What this task involves » Write out exactly the lines between the line containing "Beautiful, delicate fabric" and the end of the records, counting both ends, and leave out all pictures.

Source material »
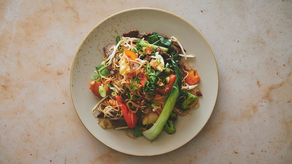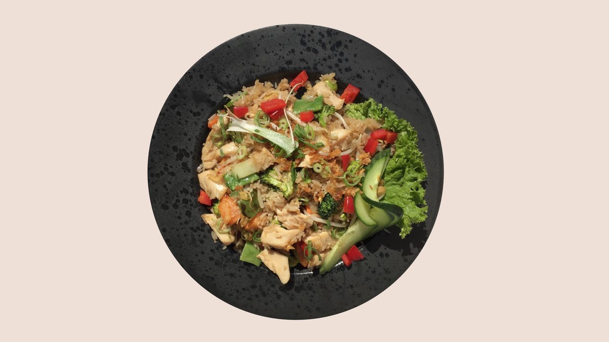 Stegte æggenudler med grønt. Vælg i mellem kylling eller oksekød.
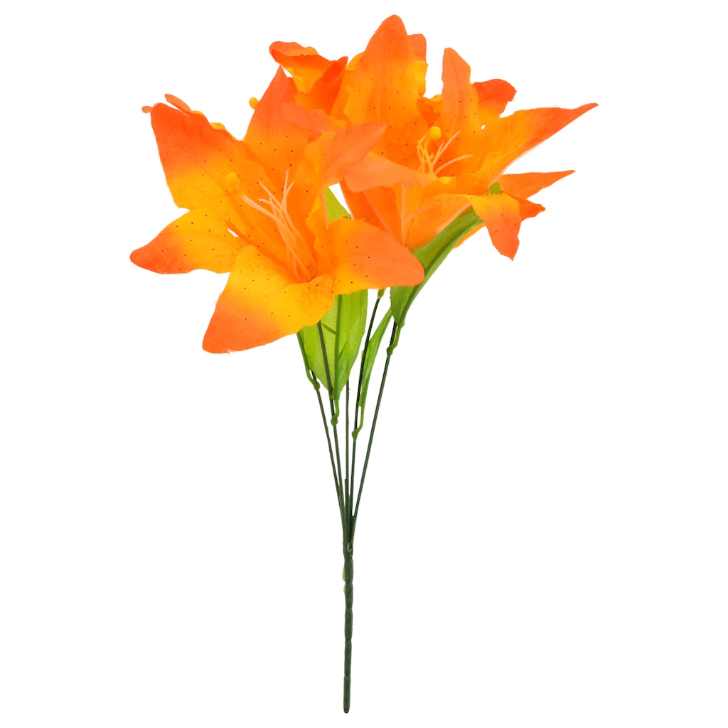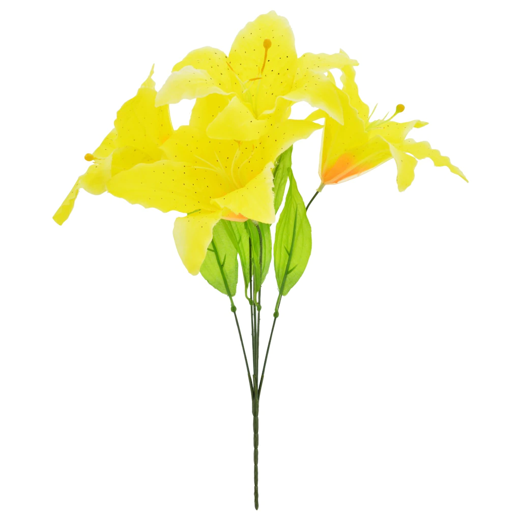 Beautiful, delicate fabric flowers are accented with realistic looking petals and pistils! Tiger Lily bushes come assorted among vibrant hues of orange/yellow, red, white, pink/white, and yellow, making them great for spring and summer floral, decorating, and craft projects.
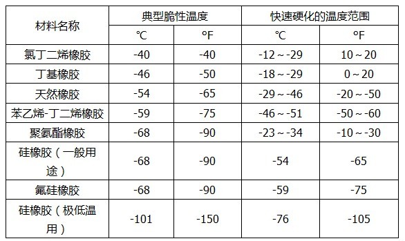 通常對(duì)材料規(guī)定一個(gè)低溫使用范圍,如下表:
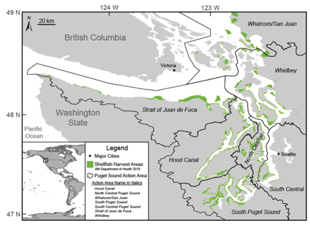We would like to thank the following scientists for their help and expertise: Dr Robert Ahrens, University of British Columbia, provided expertise in developing the model and sensitivity analysis; Mark Plummer, National Oceanic and Atmospheric Administration, provided shellfish aquaculture and shellfish harvest area data for Puget Sound; Scott Kellogg, Washington State Department of Health, provided 2010 commercial shellfish growing area ArcGIS data; and Jon Bridgman, Puget Sound Partnership, provided Puget Sound Action Areas ArcGIS data.
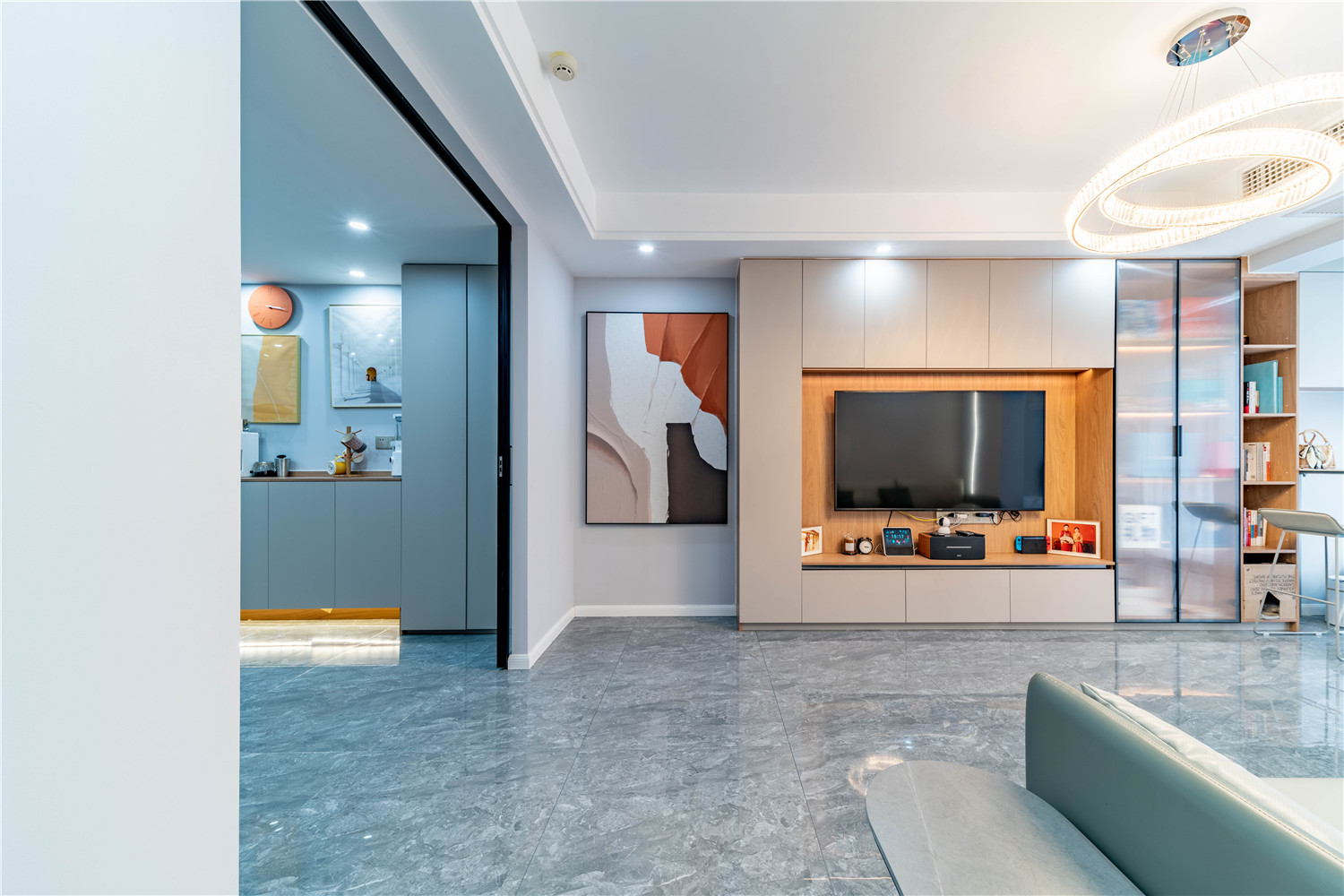 客厅强调色彩与线条的简洁,大面积纯色铺陈,奠定简约、干净的空间基调。射灯与水晶吊灯营造氛围,嵌入柜体的灯带渲染主体,光影演绎瞬间让人心动。

Task response »
 Beautiful, delicate fabric flowers are accented with realistic looking petals and pistils! Tiger Lily bushes come assorted among vibrant hues of orange/yellow, red, white, pink/white, and yellow, making them great for spring and summer floral, decorating, and craft projects.
 通常對(duì)材料規(guī)定一個(gè)低溫使用范圍,如下表:
We would like to thank the following scientists for their help and expertise: Dr Robert Ahrens, University of British Columbia, provided expertise in developing the model and sensitivity analysis; Mark Plummer, National Oceanic and Atmospheric Administration, provided shellfish aquaculture and shellfish harvest area data for Puget Sound; Scott Kellogg, Washington State Department of Health, provided 2010 commercial shellfish growing area ArcGIS data; and Jon Bridgman, Puget Sound Partnership, provided Puget Sound Action Areas ArcGIS data.
 客厅强调色彩与线条的简洁,大面积纯色铺陈,奠定简约、干净的空间基调。射灯与水晶吊灯营造氛围,嵌入柜体的灯带渲染主体,光影演绎瞬间让人心动。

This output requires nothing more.